Bitelgia ekofeministyczny projekt Latasa

Bitelgia, ekofeministyczny projekt Latasa

Przystanek w uroczej restauracji pozwala nam odpocząć, podczas gdy spróbujemy niektórych jej wykwintne propozycje żywności ekologicznej i km0 którego składniki pochodzą po części z własnego ogrodu, a po części od małych producentów z Nawarry w okolicy. W promieniach słońca na tarasie lub w cieple kominka w środku poczujesz się jak w domu. Oferują również w swoich obiektach wypożyczalnia i serwis rowerów, , informacje o szlakach turystycznych, a nawet sklepik z produktami delikatesowymi o czystym smaku Nawarry.

Po powrocie do Lekunberri szukamy odpoczynku w punkcie odniesienia w okolicy: Hotel Ayestaran To nie tylko zakwaterowanie, to wszystko klasyk Nawarry ze wspaniałą historią za nim . Założona na początku XX wieku przez Jacinco Ayestarán i Jesusa Garro , zakład jest nadal w rękach tej samej rodziny i zachowuje to zabytkowe powietrze, które czyni go tak wyjątkowym. Od 1912 roku jego sale gościły najróżniejszych gości: od żołnierzy z różnych stron zarówno podczas wojny domowej, jak i podczas II wojny światowej, po wielkie nazwiska kultury międzynarodowej, takie jak Orson Welles czy Ernest Hemingway.

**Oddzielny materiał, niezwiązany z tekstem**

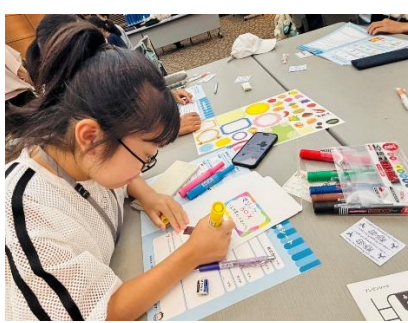
新商品開発体験（水戸証券）
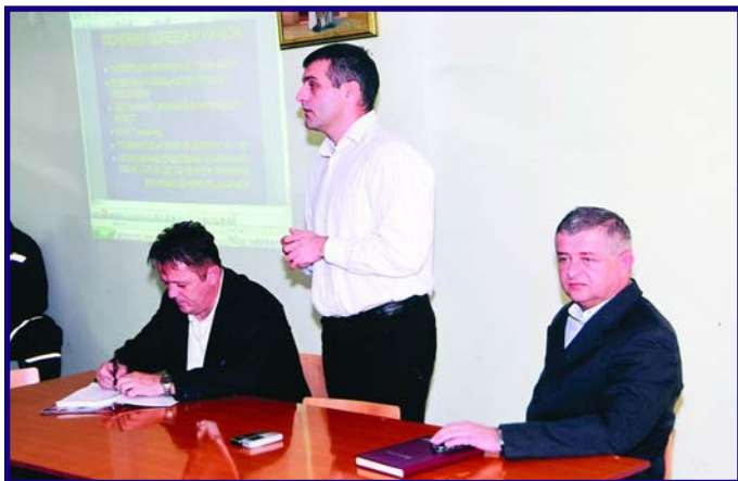
Трибина Удружења возача

Од новембра возачи ће на својим четворточкашима морати да имају и најмање две
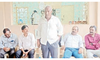
ప్రభుత్వ వేతన జీవో 22 అమలుకు ప్రభుత్వంపై వత్తిడి తెస్తున్నాం ప్రభుత్వ సంక్షేమ పథకాల్లో కాంట్రాక్టు కార్మికులకు ప్రాధాన్యత కల్పిస్తాం
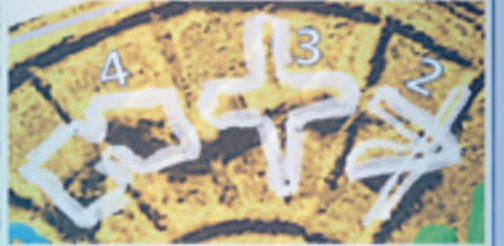
④③② 𐤀𐤋 selfsame 똑같은, of the Same Species 같은 종(種)의 Proto-Canaanite 𐤀𐤋
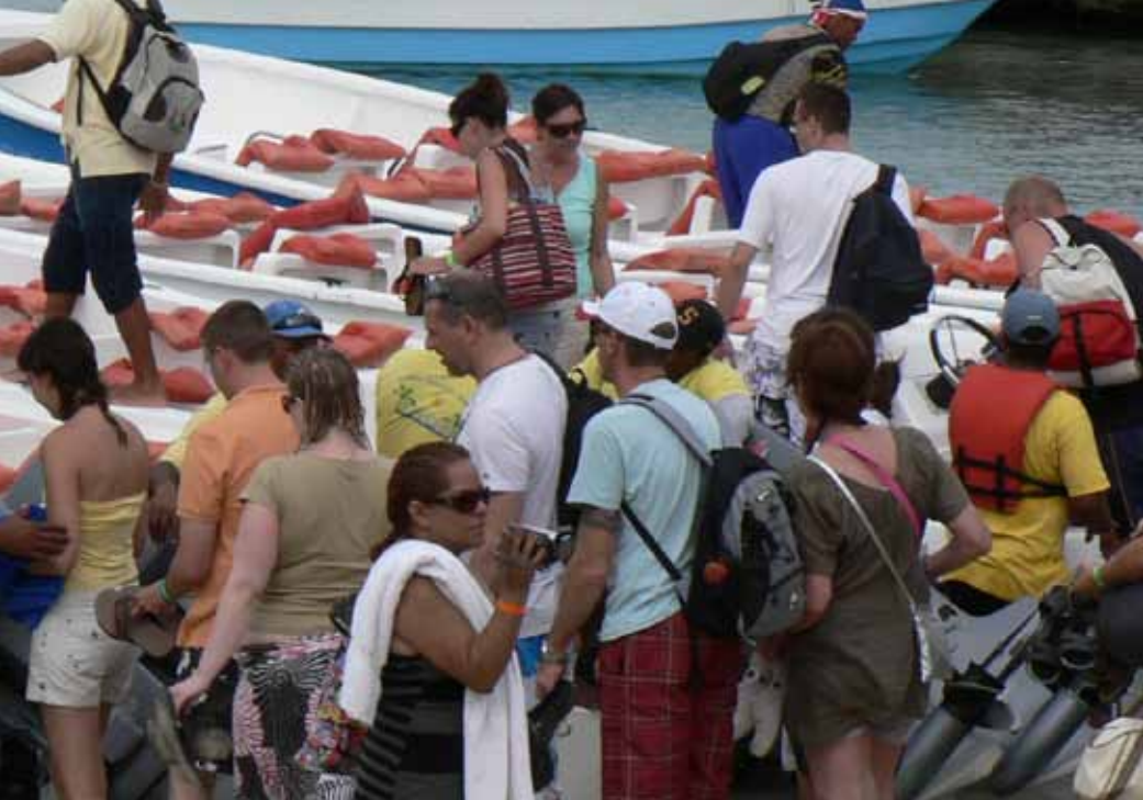
Bávaro, República Dominicana.

Conferencia sobre “Justicia climática y turismo” en el encuentro “Enlazando Alternativas IV”, Universidad Complutense, Madrid, 15 de mayo de 2010. A cargo de Joan Buades.
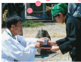
入れたての飲み物でお接待 <国府支援学校> <板野支援学校>
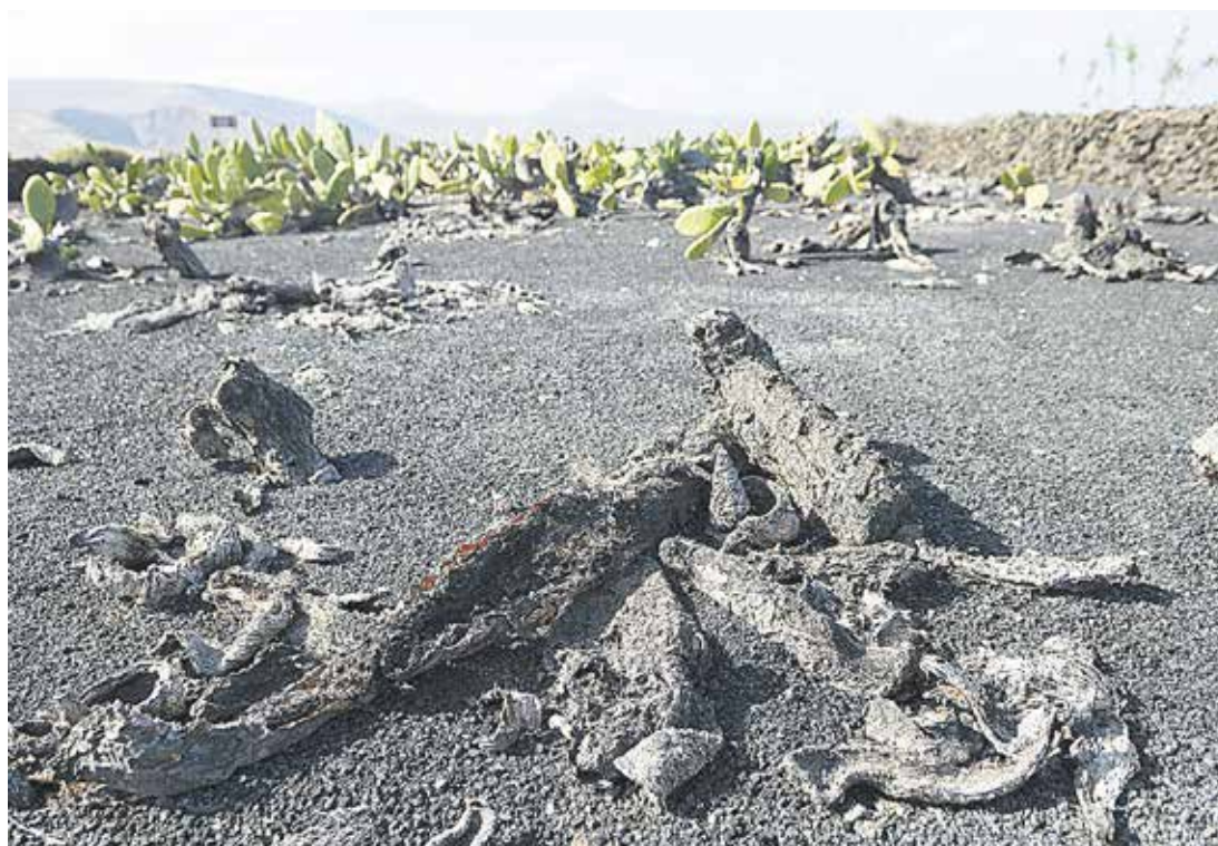
Tuneras afectadas por la plaga.

Se estima que en Lanzarote hay más de 30.000 kilos de cochinilla seca almacenada

Choć jedną z najbardziej kuszących propozycji noclegów są Tajemnice Ayestarán : cztery różne tematyczne doświadczenia, w których sami goście na cały weekend wcielają się w postacie z połowy stulecia uwikłane w różnego rodzaju incydenty i wydarzenia oraz z zagadką do rozwiązania. Pełnoprawna wskazówka w najbardziej zagadkowym miejscu: w Lekunberri, u podnóża Sierra de Aralar.